Understanding Catastrophic Overfitting in Single-step Adversarial Training

TOP Literature Database Understanding Catastrophic Overfitting in Single-step Adversarial Training

arxiv

AI Security Portal bot

Information in the literature database is collected automatically.

Source

https://arxiv.org/abs/2010.01799

PDF

https://arxiv.org/pdf/2010.01799

Paper Information

Author: Hoki Kim,Woojin Lee,Jaewook Lee
Published: 10-5-2020
Updated: 12-15-2020
Affiliation: Seoul National University
Country: Korea
Conference: AAAI Conference on Artificial Intelligence (AAAI)

Labels Estimated by AI

Adversarial Learning Poisoning Robustness Evaluation

These labels were automatically added by AI and may be inaccurate.
For details, see About Literature Database.

Abstract

Although fast adversarial training has demonstrated both robustness and efficiency, the problem of "catastrophic overfitting" has been observed.
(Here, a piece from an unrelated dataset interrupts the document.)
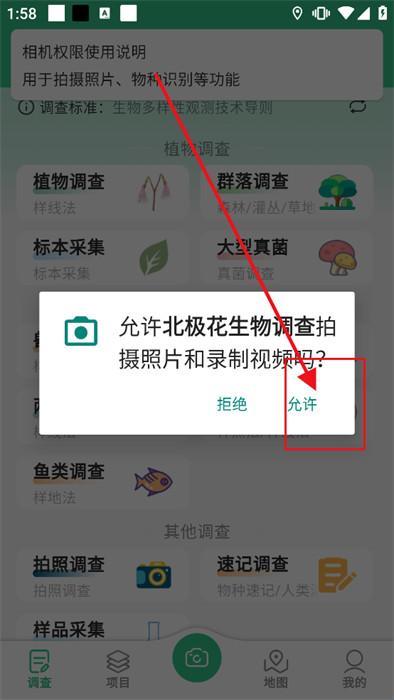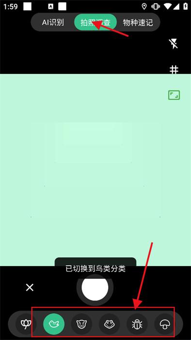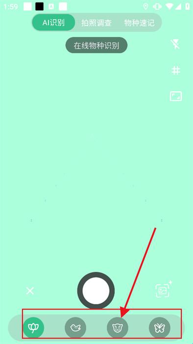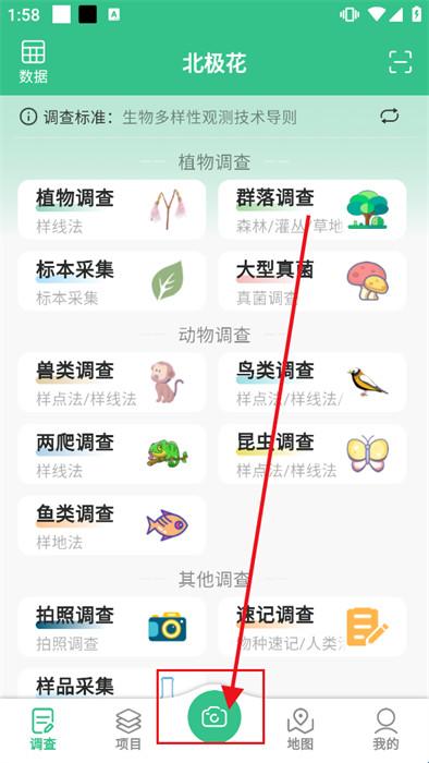 5、最后,如果你想要拍照调查,需要点击最下方的图标来记录这些生物的类型,并让记录的信息更全面。

This is a phenomenon in which, during single-step adversarial training, the robust accuracy against projected gradient descent (PGD) suddenly decreases to 0% after a few epochs, whereas the robust accuracy against fast gradient sign method (FGSM) increases to 100%. In this paper, we demonstrate that catastrophic overfitting is very closely related to the characteristic of single-step adversarial training which uses only adversarial examples with the maximum perturbation, and not all adversarial examples in the adversarial direction, which leads to decision boundary distortion and a highly curved loss surface. Based on this observation, we propose a simple method that not only prevents catastrophic overfitting, but also overrides the belief that it is difficult to prevent multi-step adversarial attacks with single-step adversarial training.